Figure 1. Medial feature detection. (a) Input image. (b) Weighted distance map and medial axis. The color map indicates ascending direction by (black $\rightarrow$ white) and (yellow $\rightarrow$ red) transitions, respectively. (c) Image partition. (d) Regions detected.

Fig. 1 gives a preview of our result. No edges are needed; the distance map is computed directly on image gradient. It is weighted by the gray level of the gradient, but propagation obeys the Euclidean distance, evident e.g. at the top-right of Fig. 1(b). A weighted medial axis is computed on the entire image representing its structure as a graph. With a dual operation, labels are backpropagated to give a partition as shown in green lines, guided by a decomposition of the medial axis at saddle points of the distance map. The latter are exactly the points where the medial axis meets partition boundaries in Fig. 1(c).

Graph vertices are constructed at distance peaks in region interior, and edges at saddle points on region boundaries. The partition is sensitive both to contrast, represented by gradient strength, and to shape; regions are separated even where intensity is uniform. Both elements are captured in edge weights, guiding a region grouping process whereby candidate features are generated. The features, as shown in Fig. 1(d), are selected according to our shape fragmentation factor. The latter measures how well a region is enclosed by boundaries, in agreement with the Gestalt principle of closure. Incomplete boundaries are allowed, as well as independent selection of whole regions and their parts.

Weighted distance map

Given an image $f$ defined in domain $X$, we define the weighted distance map $h = D(f)$ of $f$ as $h(x) = \bigwedge_{y \in X} \|x - y\| + f(y)$ for $x \in X$, where $\wedge$ denotes infimum and $\|\cdot\|$ the Euclidean norm. This definition is equivalent to infimal convolution or weighted erosion. Although it applies to arbitrary functions $f$, if the problem at hand is region detection in images, we use a function that is related to boundaries. In particular, given an input image $f_0$, a simple approach is to compute the gradient magnitude $g = |\nabla f_0|$ and then define $f(x) = \sigma / g(x)$ for $x \in X$, where $\sigma$ is a scale parameter. This generalizes the $0/\infty$ indicator function used in binary distance transform.

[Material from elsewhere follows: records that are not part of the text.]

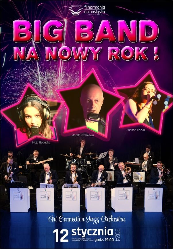 Art Connection Jazz Orchestra, czyli potęga blachy kontra sekcja rytmiczna. Zespół tworzą jeleniogórscy muzycy, którzy przez wiele lat brali udział w różnych projektach muzycznych od klasyki po jazz. Pomysłodawcą i kierownikiem zespołu jest Artur Nowak absolwent Instytutu Jazzu i Muzyki Estradowej w Poznaniu oraz etatowy puzonista naszej filharmonii. Doświadczenie artystyczne muzyków pozwoliło stworzyć poruszający się w różnych stylach wykonawczych zespół, dostarczający słuchaczom fantastycznej mieszanki muzycznych hitów. W programie pojawią się znane kolędy i pastorałki specjalnie przygotowane na tą okazję. Obok innych znakomitych kompozycji usłyszymy Różową panterą najsłynniejszy przebój Henry’ego Manciniego. Soliści koncertu: Joanna Liszka...
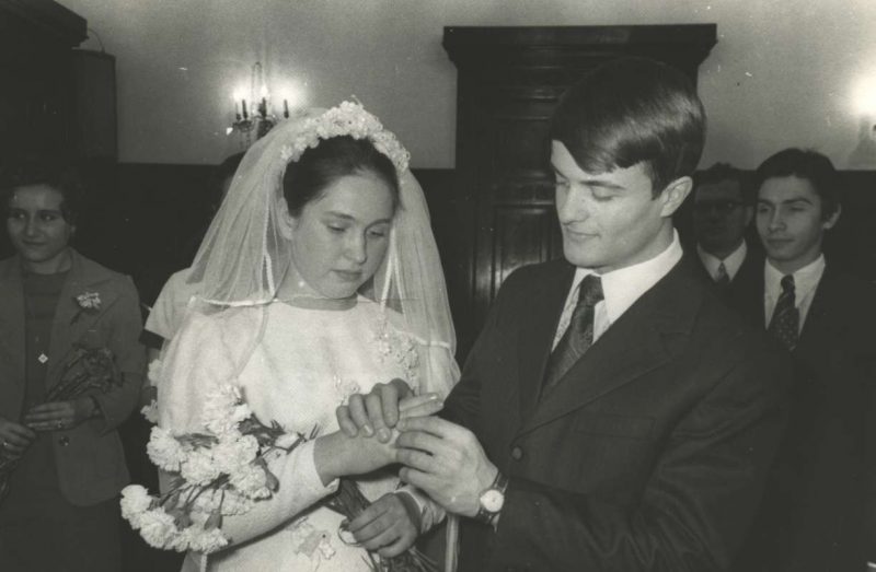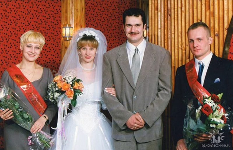 В СССР был острый дефицит товаров. Когда пара писала заявление в ЗАГС, то они получали специальный талон. Он давал возможность купить свадебное платье и костюм для жениха, а еще купить дефицитные товары, например джинсы.
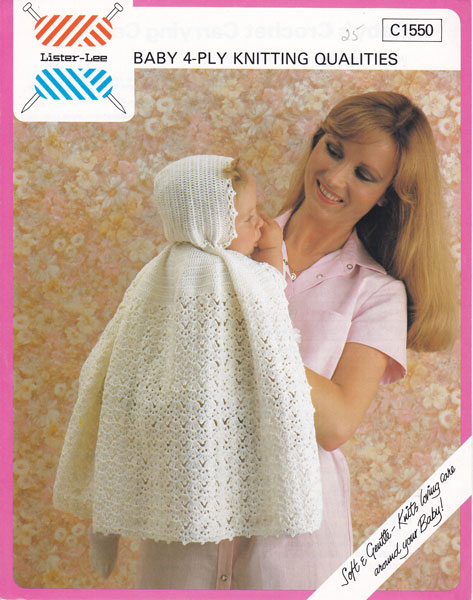 Lister-Lee C1550cr: Vintage crochet pattern for stunning cape for baby, great for christening or for that special occassion. Length 20" width at lower edge 46" worked in 4ply. colour pdf £150 |
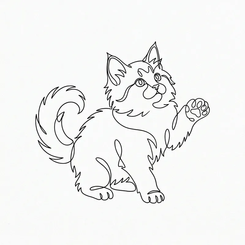 Single Line Drawing of a Playful Siberian Kitten
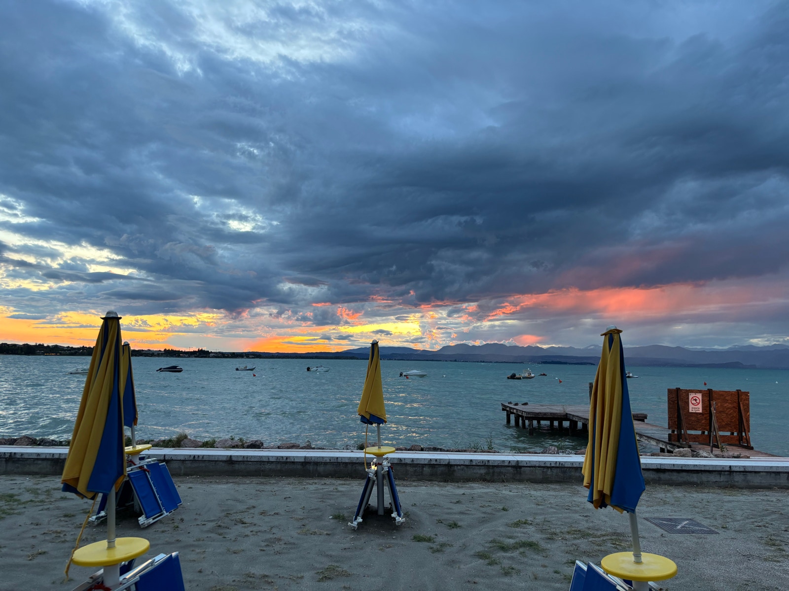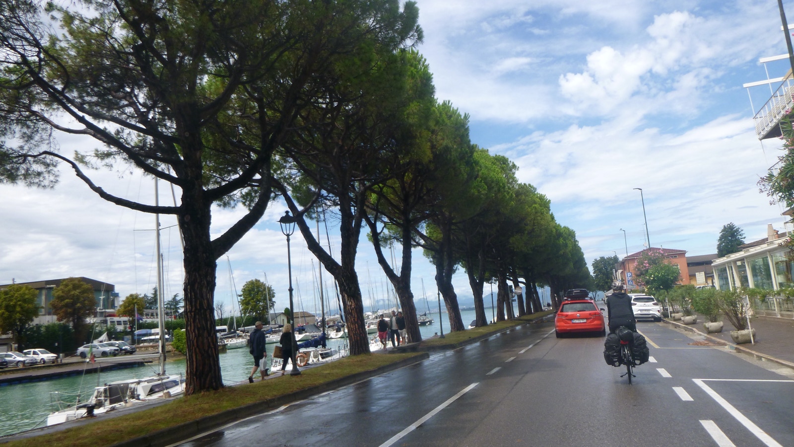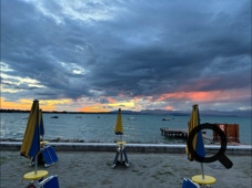 Als wir schließlich in Peschiera del Garda ankommen, regnet es immer noch. Wir nehmen vorm Bahnhofsrestaurant ein Getränk, und können dort regengeschützt sitzen.
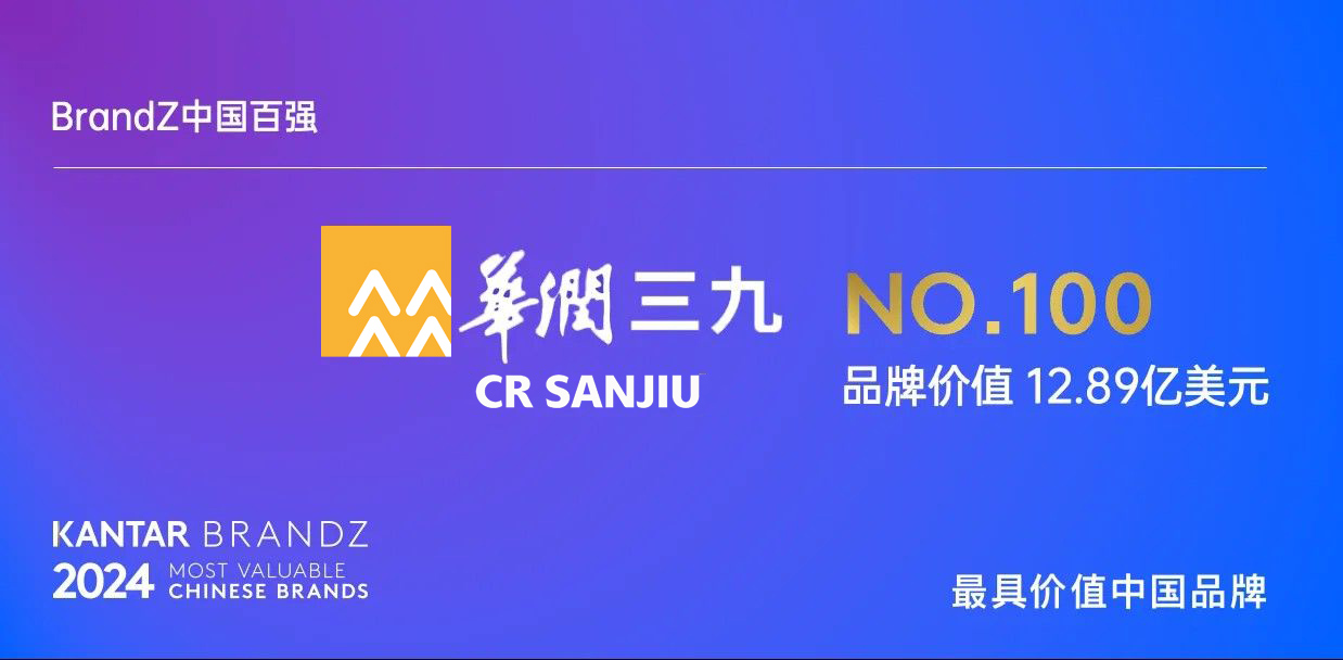 華潤(rùn)三九再次上榜“2024凱度BrandZ最具價(jià)值中國(guó)品牌100強(qiáng)”
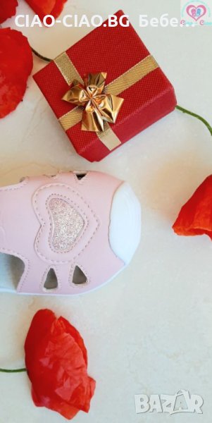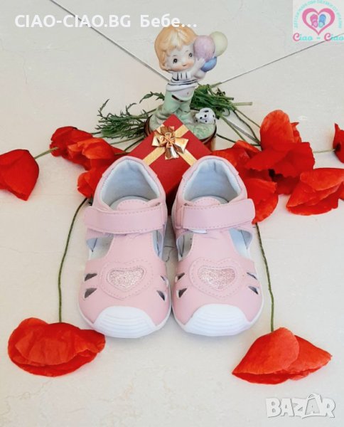 Страхотни бебешки затворени сандали за момиче, розови с брокатено сърце BUBBLE KIDS

We compute the weighted distance map using our exact group marching (EGM) algorithm, a variant of group marching (GMM). The latter is a linear-time fast marching method that selects a number of points on the propagating front to move as a group, thus avoiding the cost of sorting. We move all points of the front as a group using a constant-time priority queue on quantized distance. Points at the same priority level are processed in arbitrary order, so this part of the computation can be made parallel. However, due to the Euclidean assumption and a bidirectional update, the entire computation is exact. It is also linear in the number of pixels.


Figure 2. (a) Input image, detail of leuven scene. (b) Gradient map. (c) White: source; red: medial axis; black: saddle point; blue: image boundary. (d) Weighted distance map, with detected features in overlay.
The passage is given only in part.